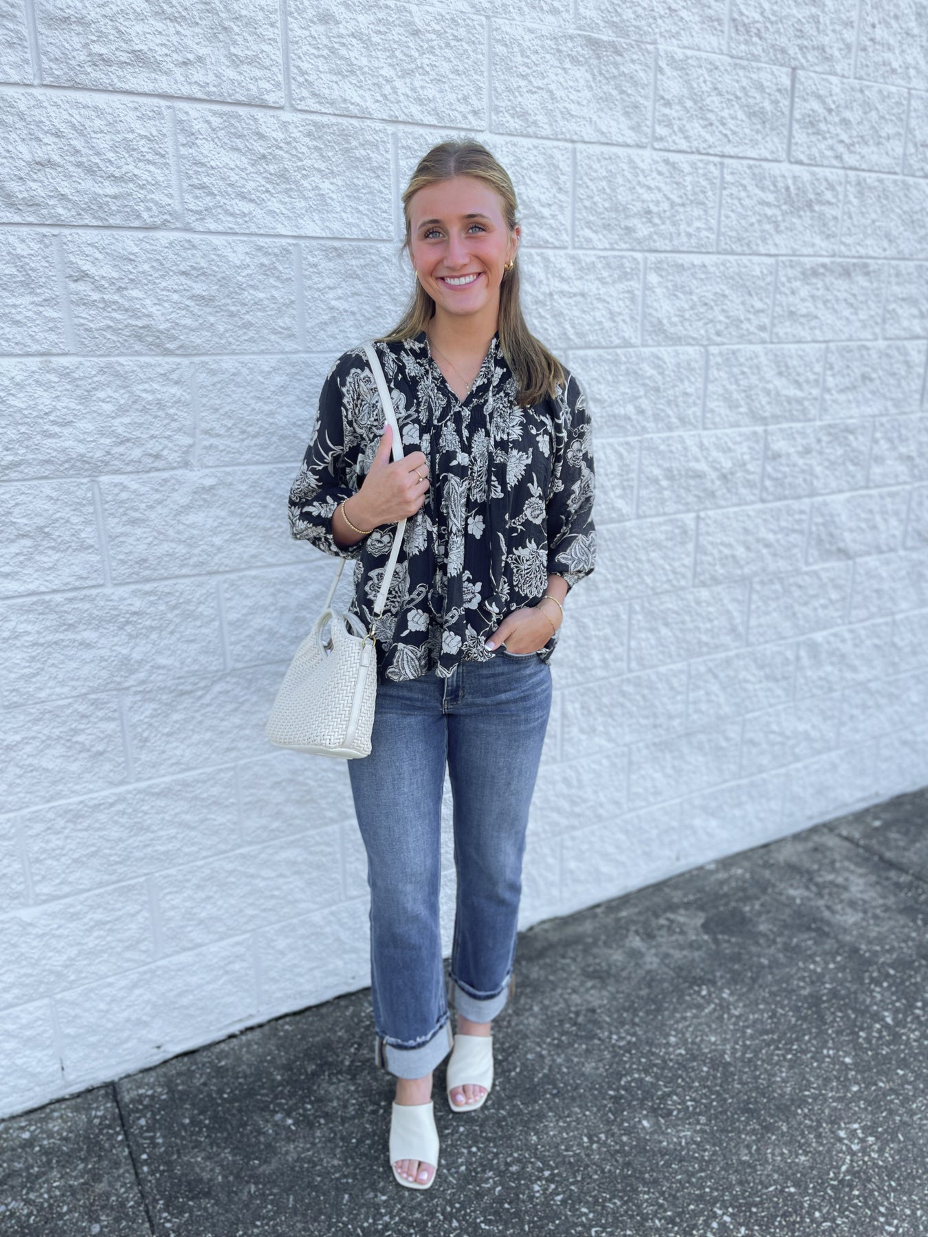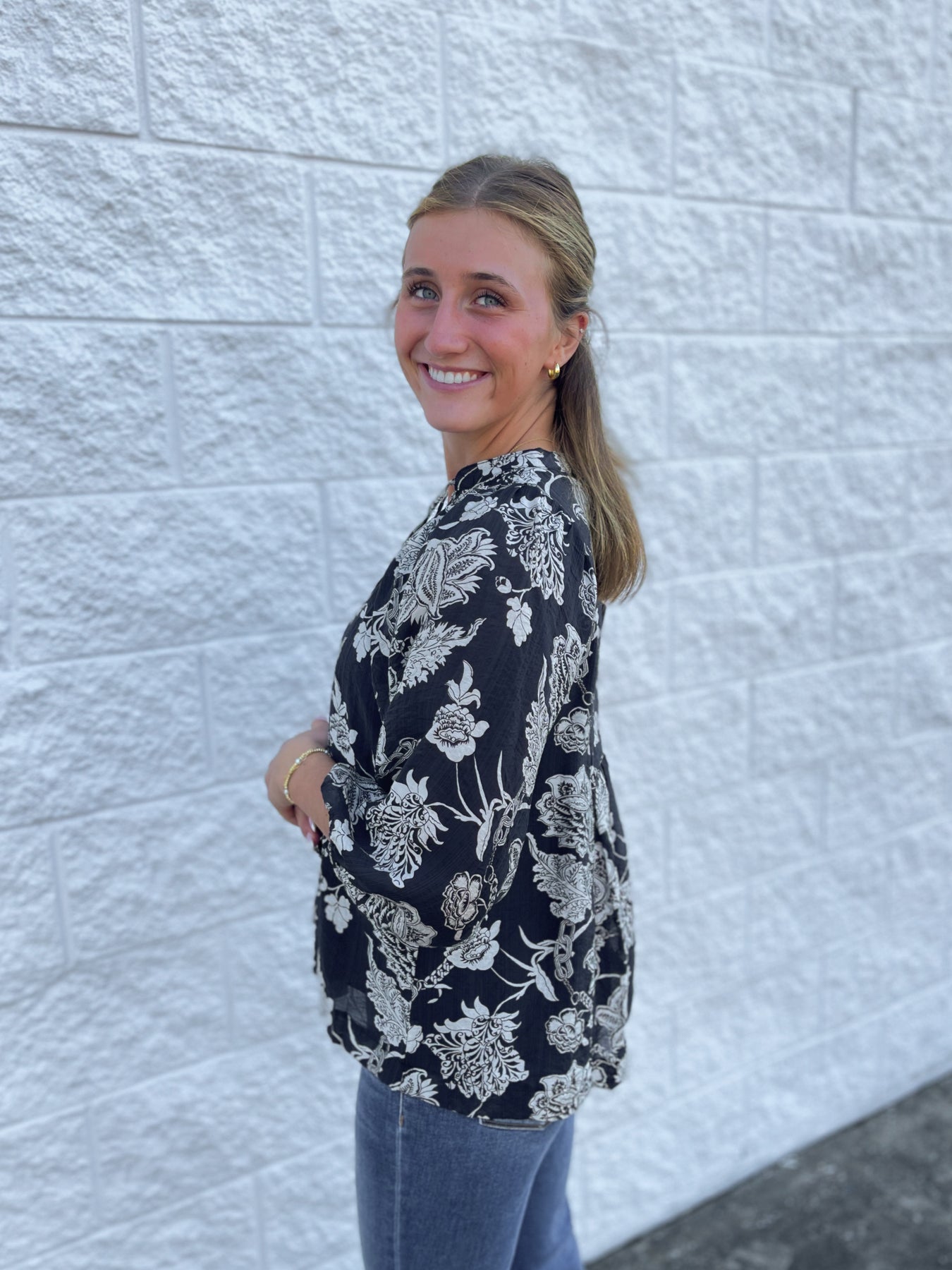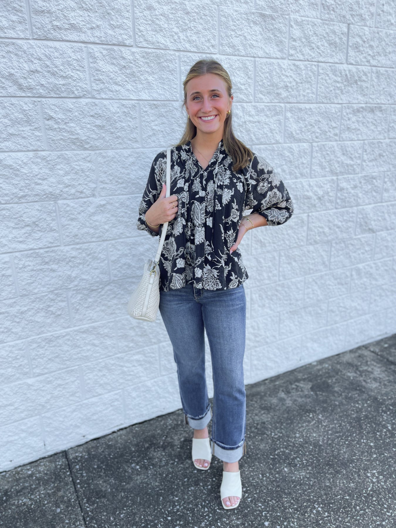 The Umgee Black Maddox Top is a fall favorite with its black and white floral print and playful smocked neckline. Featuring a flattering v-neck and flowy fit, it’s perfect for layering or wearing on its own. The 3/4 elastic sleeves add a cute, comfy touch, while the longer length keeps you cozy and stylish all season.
=-=-=-=-=
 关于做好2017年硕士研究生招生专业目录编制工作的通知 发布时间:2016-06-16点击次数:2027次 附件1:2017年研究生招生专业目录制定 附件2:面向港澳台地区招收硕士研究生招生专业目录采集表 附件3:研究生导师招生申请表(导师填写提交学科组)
=-=-=-=-=
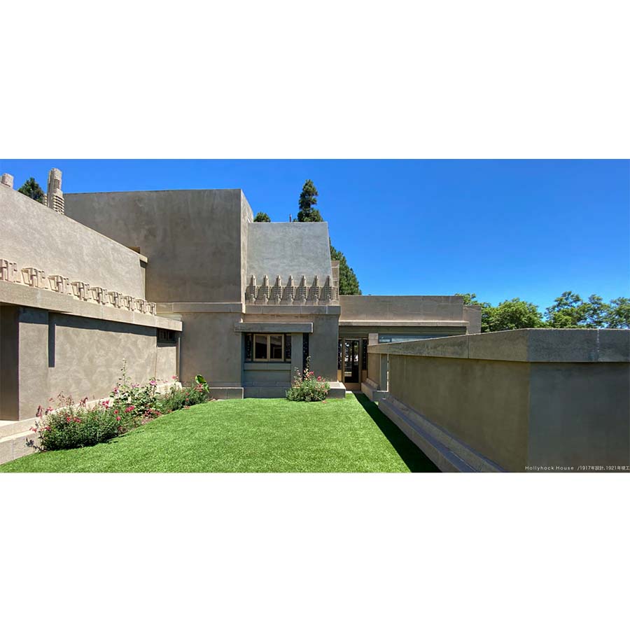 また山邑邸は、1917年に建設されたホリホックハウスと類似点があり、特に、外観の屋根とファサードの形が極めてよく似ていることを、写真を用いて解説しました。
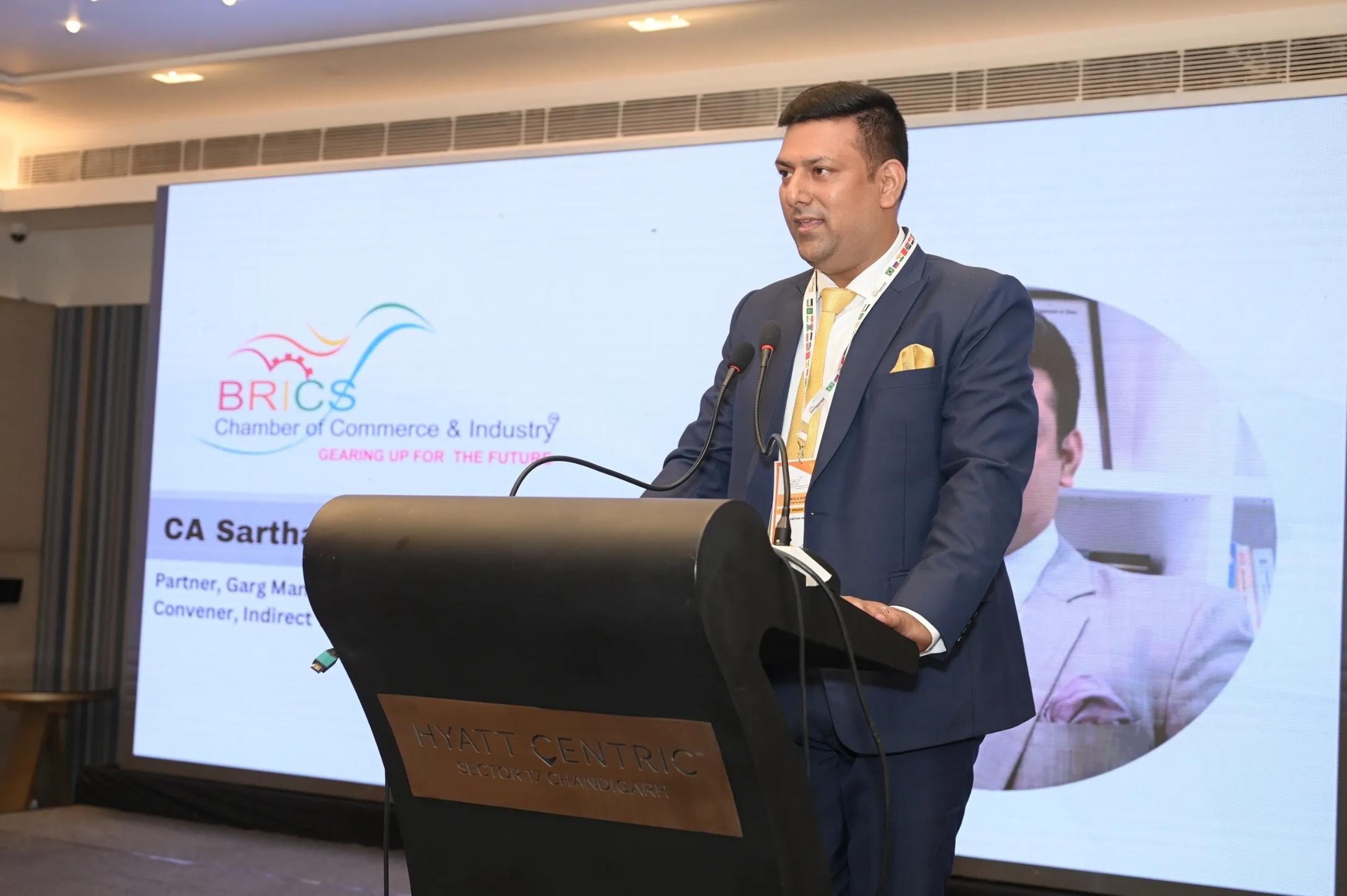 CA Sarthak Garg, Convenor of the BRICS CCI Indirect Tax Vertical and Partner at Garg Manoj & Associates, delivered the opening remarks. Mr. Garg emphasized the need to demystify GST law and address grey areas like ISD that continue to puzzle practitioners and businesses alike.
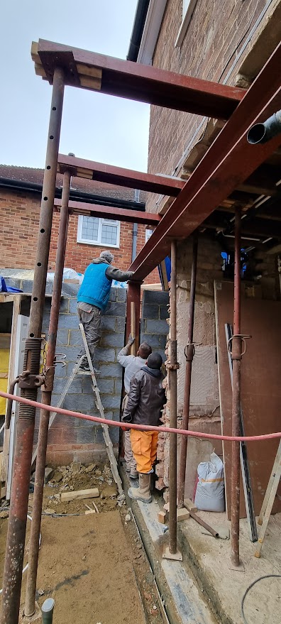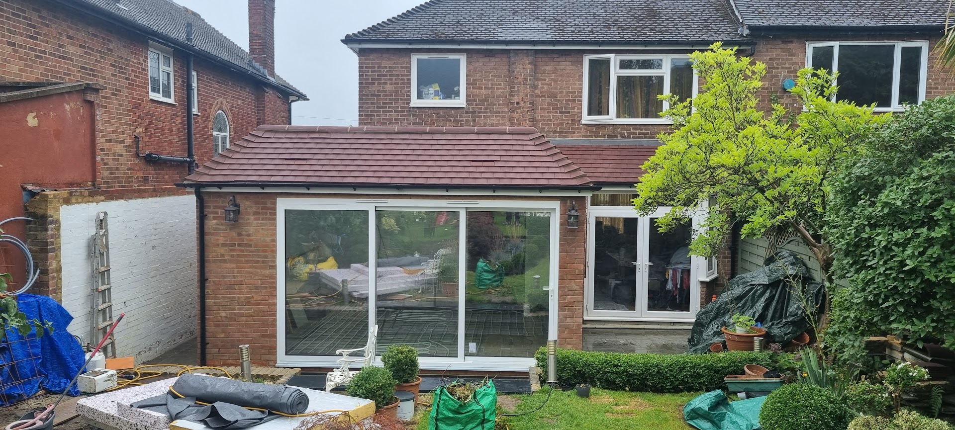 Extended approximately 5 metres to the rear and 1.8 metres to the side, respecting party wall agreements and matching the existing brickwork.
=-=-=-=-=
*Problem requirements*. Starting at the line that contains "CA Sarthak Garg, Convenor" and ending at the line that contains "Extended approximately 5", transcribe the material above exactly, excluding pictures.

*Reply*.
 CA Sarthak Garg, Convenor of the BRICS CCI Indirect Tax Vertical and Partner at Garg Manoj & Associates, delivered the opening remarks. Mr. Garg emphasized the need to demystify GST law and address grey areas like ISD that continue to puzzle practitioners and businesses alike.
 Extended approximately 5 metres to the rear and 1.8 metres to the side, respecting party wall agreements and matching the existing brickwork.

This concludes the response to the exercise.